Me fazes morrer sem ter um neto. Me fazes morrer. Aí, as pontadas!
Num dia de
sábado, em que as duas mulheres foram cedo para a missa das seis, pai e filho
tiveram um conversa decisiva.
– Meu pai,
dize-me tu, como aguentas viver com uma esposa como essa, por todos esses anos?
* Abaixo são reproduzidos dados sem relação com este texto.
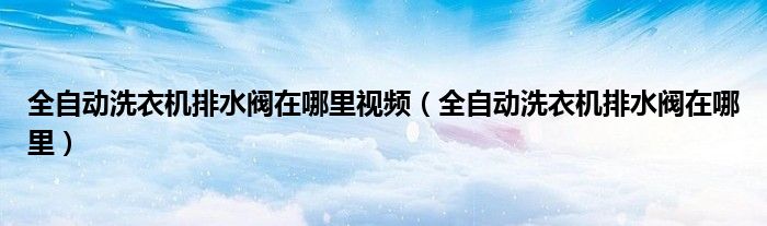 导读 大家好,精选小综来为大家解答以上的问题。全自动洗衣机排水阀在哪里视频,全自动洗衣机排水阀在哪里很多人还不知道,现在让我们一起来看看
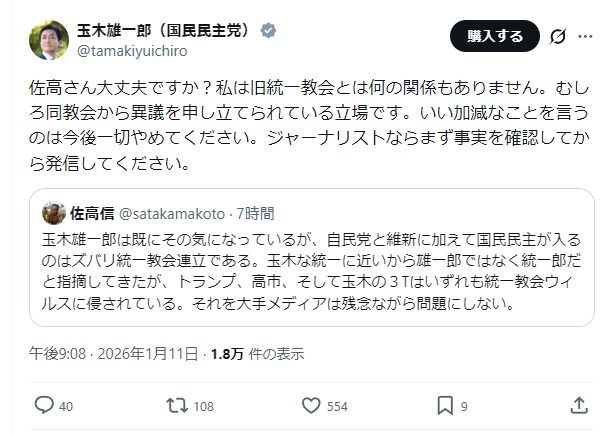 玉木はそれを否定する材料を示してから反論すべき - 23 : 2026/01/11(日) 22:06:12.75 ID:xglQiFXc0
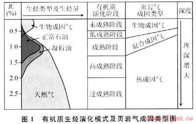 與常規(guī)油氣藏的成藏條件不同,頁巖氣來源由生物成因氣和熱成因氣組成,吸附氣和游離氣并存,具有自生自儲(或短距離運(yùn)移)的特征。因此頁巖氣聚集受埋藏深度、有機(jī)質(zhì)的成熟度及輸導(dǎo)、封蓋條件制約較小。埋藏較淺、有機(jī)質(zhì)成熟度低的區(qū)段發(fā)育生物成因的頁巖氣;埋藏深、有機(jī)質(zhì)成熟度高的區(qū)段發(fā)育熱成因的頁巖氣;埋藏深度和有機(jī)質(zhì)成熟度中等偏低的區(qū)段發(fā)育混合成因的頁巖氣(圖1)。美國第一口頁巖氣發(fā)現(xiàn)井深度最淺,還不足10m,而Haynesville頁巖氣聚集最大深度則近4000m;Antrim頁巖氣的有機(jī)質(zhì)成熟度(Ro)僅為0.4%~0.6%,Lewis頁巖氣的Ro則為1.6%~1.9%,頁巖氣聚集的Ro最大可達(dá)3%[24~33]。
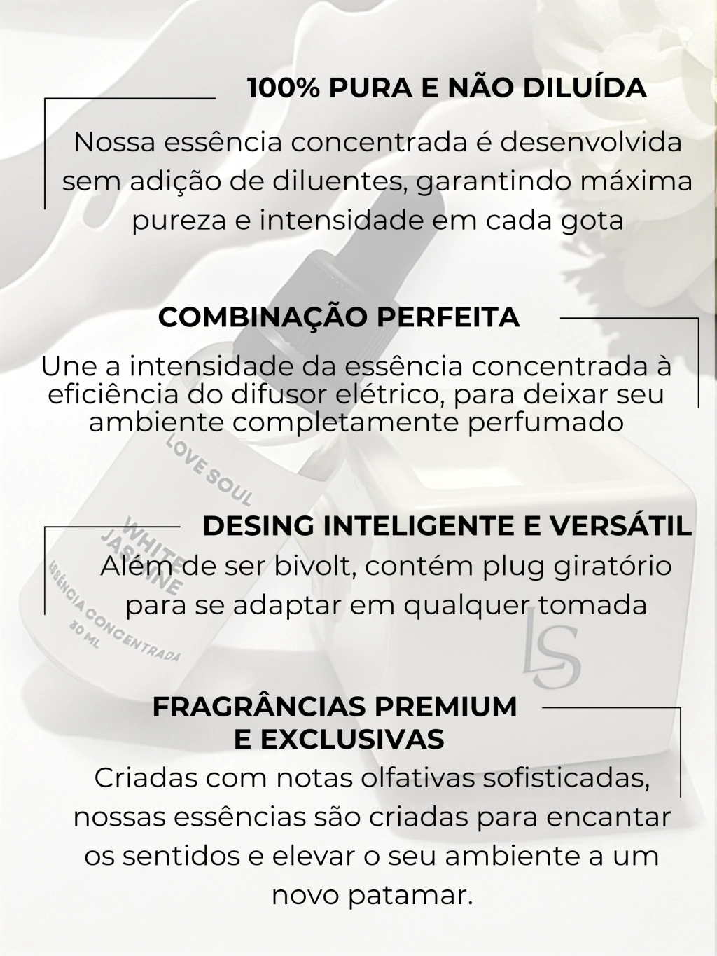 Garanta o seu Kit Difusor Elétrico de Tomada e Essência Concentrada agora e experimente a facilidade de manter sua casa sempre perfumada. Faça parte do universo aromático da LOVE SOUL e transforme seu espaço em um refúgio de fragrâncias inesquecíveis!
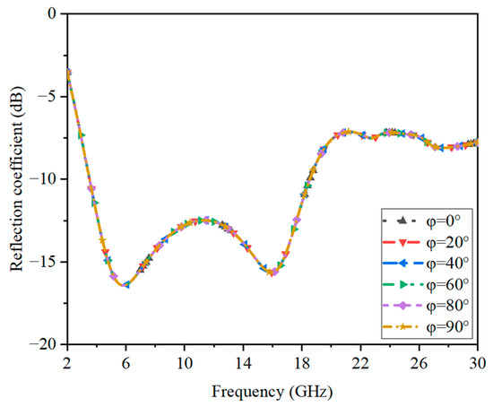 In Figure 10, the reflection coefficients under different polarization angles are shown to prove the presented structure had polarization insensitivity. The angle of polarization was rotated from 0° to 90°. The results had no differences, which illustrates that the absorber featured polarization-insensitive performance.
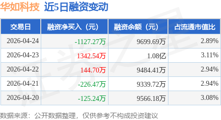 证券之星消息,4月24日,华如科技(301302)融资买入1481.21万元,融资偿还2608.48万元,融资净卖出1127.27万元,融资余额9699.69万元。
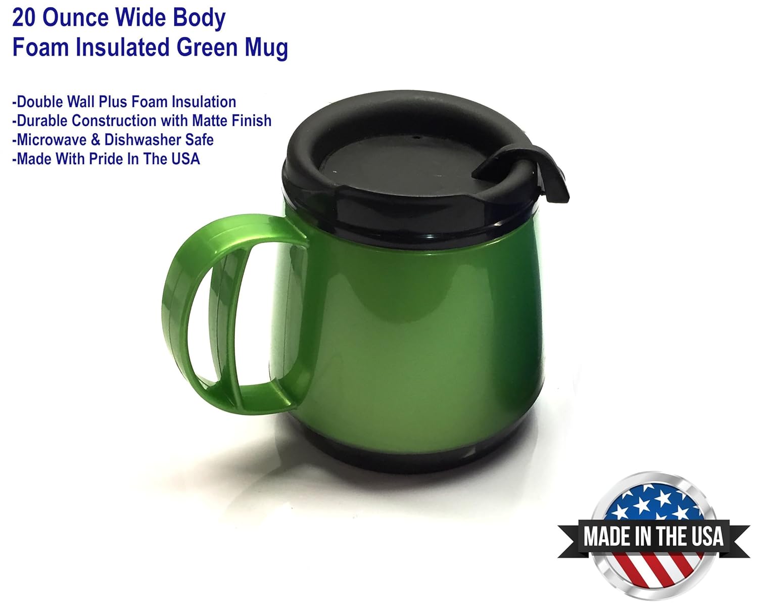 20oz. Foam Insulated Wide Body ThermoServ Mug- Green is best for youA good coffee mug is like a comfortable pair of Jeans or your favorite boots it just feels 'right'. For years the 20 oz Wide Body mug was available at most Gas Stations and Convenience Stores. A few years ago they suddenly disappeared from the market and haven't been seen since. Well, we found the mold and arranged for a special production run of mugs. The Thermoserv mugs are great. They are double wall insulated and unlike other mugs on the market, they are foam filled so they are far superior at keeping drinks hot or cold. These rugged mugs are both dishwasher and microwave safe. The lid snaps on tight and has a spill-resistant slide cover for the drink hole. The mug has an ergonomic handle and a skid resistant base. It is green in color with a black top. There is no printing or graphics on this mug.
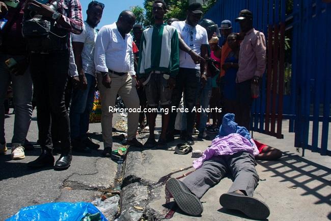 EDITORS NOTE: Graphic content / People look at a body of a person who was shot in Port-Au-Price, Haiti, on April 1, 2024. – The situation in chaos-wracked Haiti is “cataclysmic”, with more than 1,500 people killed by gang violence so far this year and more weapons pouring into the country, the UN said March 28, 2024. (Photo by Clarens SIFFROY / AFP)
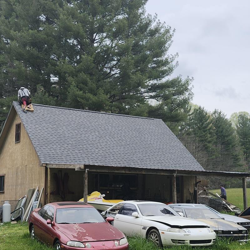 Speedy Pro Roofing replaced shingles on a workshop in Pewter color in Mountain City, Tennessee. The project involved removing old materials and installing new asphalt shingles to improve the building’s protection and durability.
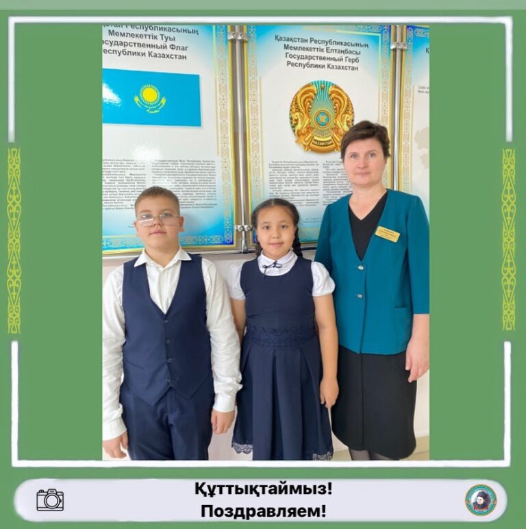 2 орын – Ксумбаева Камила, Хлюпко Назар. Жетекшісі: Бондарева Ольга Викторовна.
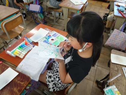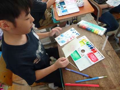 絵具のいろいろな使い方をためして模様づくりをしました。色を変えて線を重ねたり、絵具をストローでふいたりして楽しみました。思いもよらない面白い模様が作れて子どもたちは喜んでいました。
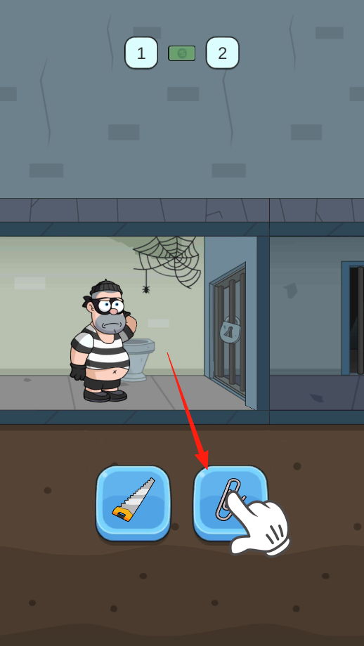 2、到關(guān)卡場景,小偷被關(guān),地下有鋸子和回形針道具,點(diǎn)回形針,用它去開牢房門鎖,選對道具,幫小偷逃出牢房,繼續(xù)逃跑流程,找對工具是關(guān)鍵,試試回形針咋用。

Eu estou começando a ver as mesmas coisas na minha e já não suporto mais. Decidi:
vou-me embora de Vouzela!
– Ah, pois que
estás certo, meu filho. Teu pai te compreende e te diz: vai-te logo enquanto é
tempo. Se ficares tempo demais, como eu fiquei, acabas te acostumando e nunca
mais consegues te libertar.
– Ora, meu pai, cá
me vejo eu surpreso! Não pensei que me apoiasses nisso. Achei que considerarias
loucura minha.
– Loucura será
se, podendo partir, ficares. Aproveita que és jovem e forte, já vais fazer
dezenove anos e já tens essa barba ramalhuda, toda crespa e esparramada. Ela te faz parecer mais velho do que és, ajuda
a impor respeito à tua figura.
– Isso é verdade, meu pai. Há uns gajos, lá na
Quinta, que, para diferenciar-me de meu pai, porque somos os dois João Maldonado,
estão a chamar-me de João Ramalhudo. E uma cachopinha, filha do tanoeiro, a
quem ando dando uns apertos lá no meio das oliveiras, chama-me agora Joãozinho
Ramalho.
– Ora, ora, isso
é divertido, mas até que te vai bem. João Ramalhudo. Ou João Ramalho, fica até
melhor. Um nome novo para uma vida nova! Não está mal, não está mal. Mas
dize-me tu, como e quando pretendes partir?
– Espero meu
aniversário de dezenove anos, no mês que vem. E aí vou-me a pretexto de que
consegui um grande emprego em Lisboa. Meu amigo Pedro Farias irá apresentar uma
carta de um tio seu, que vive na capital, propondo-nos trabalho com uma paga
muito elevada. É mentira, é claro. Mas a carta é verdadeira, já a recebemos
pelo mensageiro. De qualquer forma, é na casa desse tio de Pedro Farias que
iremos ficar nos primeiros tempos. Até que eu possa embarcar como grumete num navio
que parta para as novas terras que Pedro Álvares Cabral descobriu para nós, as
terras onde há o pau vermelho que vale como ouro para os que tingem tecidos, o
pau-brasil.
– Ah, com que
então estás de olho nas riquezas da nova colônia, hein, malandrote! Pois fazes
muito bem, tivesse eu tua idade e coragem, ia-me embora para essas terras de
futuro também. Mas dize-me, como te vais arranjar em Lisboa? Com que dinheiro
vais viver e comer, até que arranjes lugar num navio?
– Ah, meu pai,
andei escondendo algumas moedas de Catarina, vou vender meu cavalo e os arreios
e me arranjo com isso. Não preciso comer todos os dias, estou bem forte e
lustroso, posso agüentar um pouco de fome, a causa é nobre.